[DATA SUPPLIED Boundary: Start]

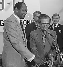- Gun control. He called for a "broad-range" attack on the "widespread ownership and use of guns"—saying he would push for legislation to prevent gun violence. "This is something that will take four of six or maybe even 10 years," he said. Council members Jackie Goldberg, Mark Ridley-Thomas, Ruth Galanter and Laura Chick seconded his proposal.[17]
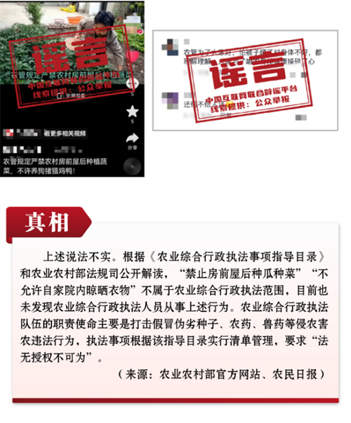 謠言5:“農(nóng)管”不讓村民種瓜種菜、在自家院子曬被子?
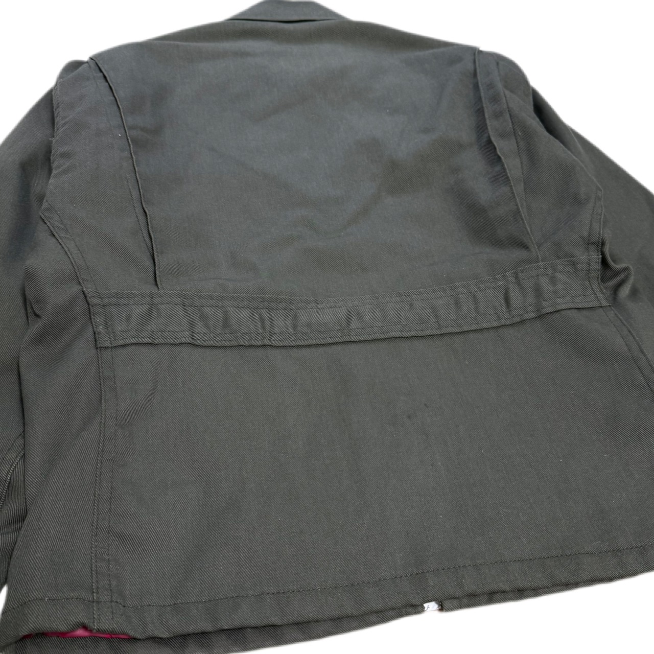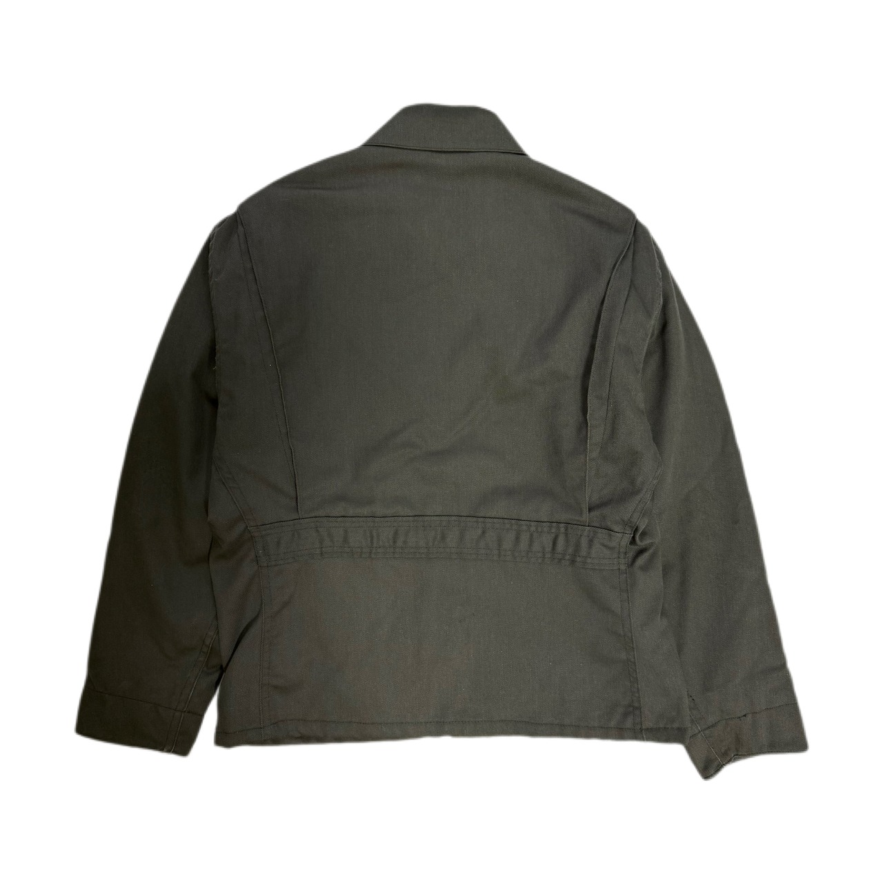 背面は帯状の切り替えで、ショート丈でもシルエットに立体感が出る構造。ワークらしい無骨さがありつつ、野暮ったくなりすぎないバランス感。スウェットやネルの上からラフに羽織るだけで雰囲気が出る、いかにもUSワークな一枚です。
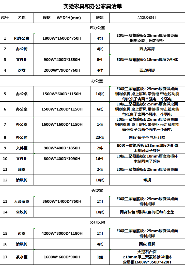 4、项目内容和要求:完成办公家具制作和安装,项目完成后达到建设单位使用要求、并符合相关现行制度及规范《GB18584-2001室内装饰装修材料木家具中有害物质限量》等;建议参选单位仔细现场踏勘。
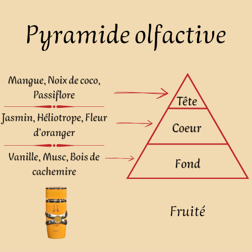 From the opening, the juicy and sparkling notes of mango and coconut bring an exotic and joyful touch. The floral heart, dominated by jasmine and orange blossom, evokes vacations, warmth, and sunshine. The base, soft and sensual, gives way to a creamy musk and a suave vanilla that prolongs the olfactory experience with subtlety and refinement.
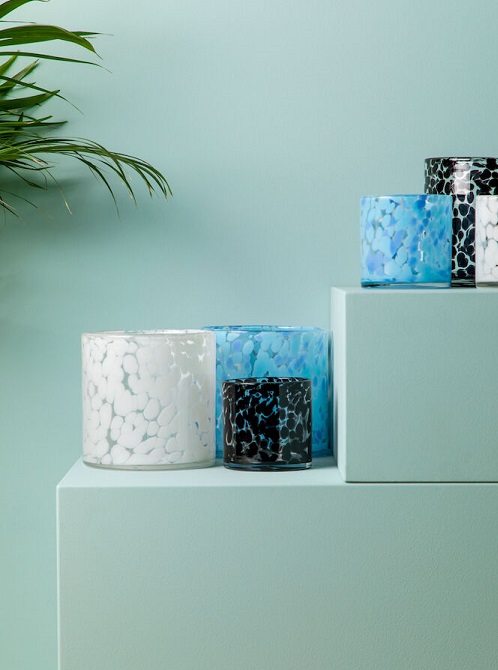 Handgjord ljuslykta som också kan användas som kruka. Varje glaslykta är unik med sitt fläckiga mönster. Lyktorna sprider ett vackert ljus och skapar mysig stämning. Finns i tre olika färger och blir snygga att kombinera ihop med den större varianten DJ411246. Varje kruka/glaslykta är unik tack vare dess handgjorda design.
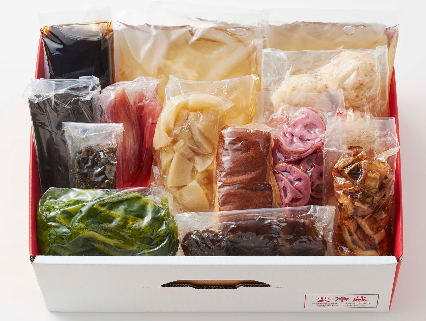 京野菜と穴子の春ちらしキット(赤シャリ酢/炊飯用昆布/紫蘇の実漬け/京都府西山丘陵産筍/京都産花菜/刻み穴子/椎茸煮/カステラ玉子/甘酢みょうが/酢蓮根)、海老しんじょうのお吸い物(海老しんじょう/吸い地)
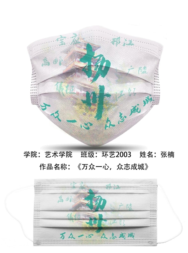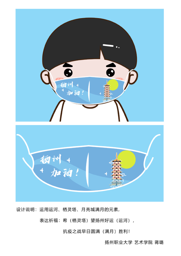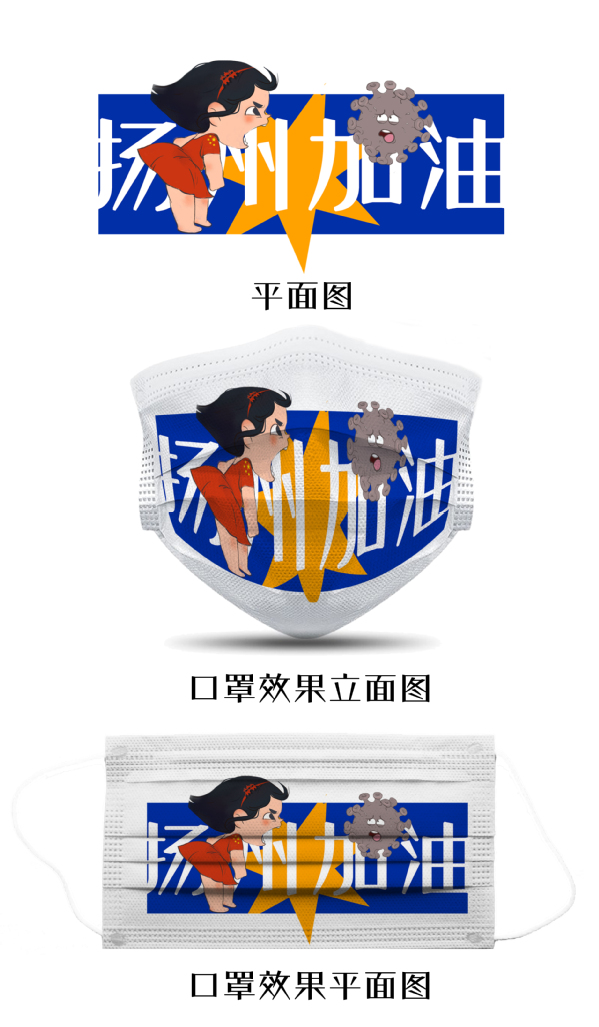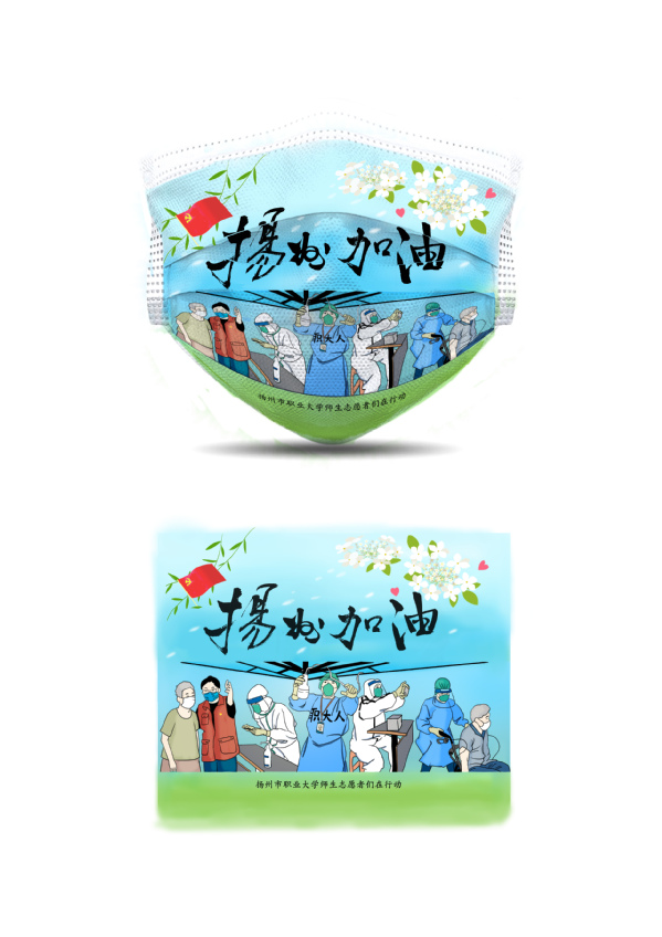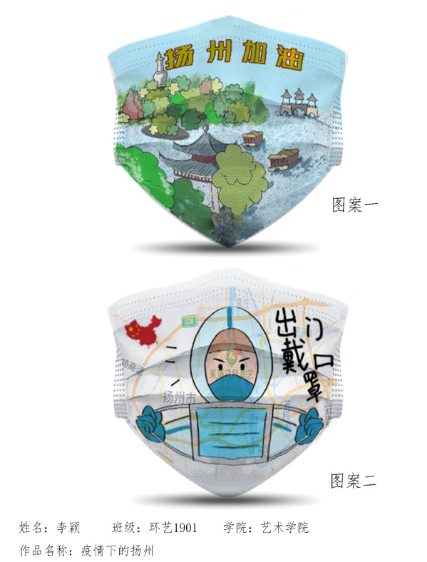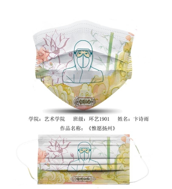 8月初,艺术学院发布了《众志成城 艺齐抗疫 “扬州加油”——抗疫口罩图案设计大赛》通知后,短短几天,共收到一百多幅来自师生及抗疫志愿者的作品。师生们从专业特色出发,将疫情防控宣传和爱国主义教育相结合,口罩设计丰富化,融入扬州地域文化,共同以设计为笔,为抗击疫情鼓舞加油。小小口罩上面,有“扬州加油,抗疫必胜”的呐喊,有“众志成城,抗击疫情”的决心,有“绿码”动物的温馨画面,也有对逆行英雄的赞美,还有对疫情过后安定平和生活的向往……这些作品表达出了对抗击疫情奋战在一线的“逆行者”由衷的敬意,凝聚抗击疫情的强大精神力量,传递战“疫”必胜的信心与决心。中国加油!扬州加油!

[DATA SUPPLIED Boundary: End]

*ASSIGNMENT*. Your answer is all of the records restated word for word, pictures excluded.

*EXERCISE RESPONSE*.
- Gun control. He called for a "broad-range" attack on the "widespread ownership and use of guns"—saying he would push for legislation to prevent gun violence. "This is something that will take four of six or maybe even 10 years," he said. Council members Jackie Goldberg, Mark Ridley-Thomas, Ruth Galanter and Laura Chick seconded his proposal.[17]
 謠言5:“農(nóng)管”不讓村民種瓜種菜、在自家院子曬被子?
 背面は帯状の切り替えで、ショート丈でもシルエットに立体感が出る構造。ワークらしい無骨さがありつつ、野暮ったくなりすぎないバランス感。スウェットやネルの上からラフに羽織るだけで雰囲気が出る、いかにもUSワークな一枚です。
 4、项目内容和要求:完成办公家具制作和安装,项目完成后达到建设单位使用要求、并符合相关现行制度及规范《GB18584-2001室内装饰装修材料木家具中有害物质限量》等;建议参选单位仔细现场踏勘。
 From the opening, the juicy and sparkling notes of mango and coconut bring an exotic and joyful touch. The floral heart, dominated by jasmine and orange blossom, evokes vacations, warmth, and sunshine. The base, soft and sensual, gives way to a creamy musk and a suave vanilla that prolongs the olfactory experience with subtlety and refinement.
 Handgjord ljuslykta som också kan användas som kruka. Varje glaslykta är unik med sitt fläckiga mönster. Lyktorna sprider ett vackert ljus och skapar mysig stämning. Finns i tre olika färger och blir snygga att kombinera ihop med den större varianten DJ411246. Varje kruka/glaslykta är unik tack vare dess handgjorda design.
 京野菜と穴子の春ちらしキット(赤シャリ酢/炊飯用昆布/紫蘇の実漬け/京都府西山丘陵産筍/京都産花菜/刻み穴子/椎茸煮/カステラ玉子/甘酢みょうが/酢蓮根)、海老しんじょうのお吸い物(海老しんじょう/吸い地)
 8月初,艺术学院发布了《众志成城 艺齐抗疫 “扬州加油”——抗疫口罩图案设计大赛》通知后,短短几天,共收到一百多幅来自师生及抗疫志愿者的作品。师生们从专业特色出发,将疫情防控宣传和爱国主义教育相结合,口罩设计丰富化,融入扬州地域文化,共同以设计为笔,为抗击疫情鼓舞加油。小小口罩上面,有“扬州加油,抗疫必胜”的呐喊,有“众志成城,抗击疫情”的决心,有“绿码”动物的温馨画面,也有对逆行英雄的赞美,还有对疫情过后安定平和生活的向往……这些作品表达出了对抗击疫情奋战在一线的“逆行者”由衷的敬意,凝聚抗击疫情的强大精神力量,传递战“疫”必胜的信心与决心。中国加油!扬州加油!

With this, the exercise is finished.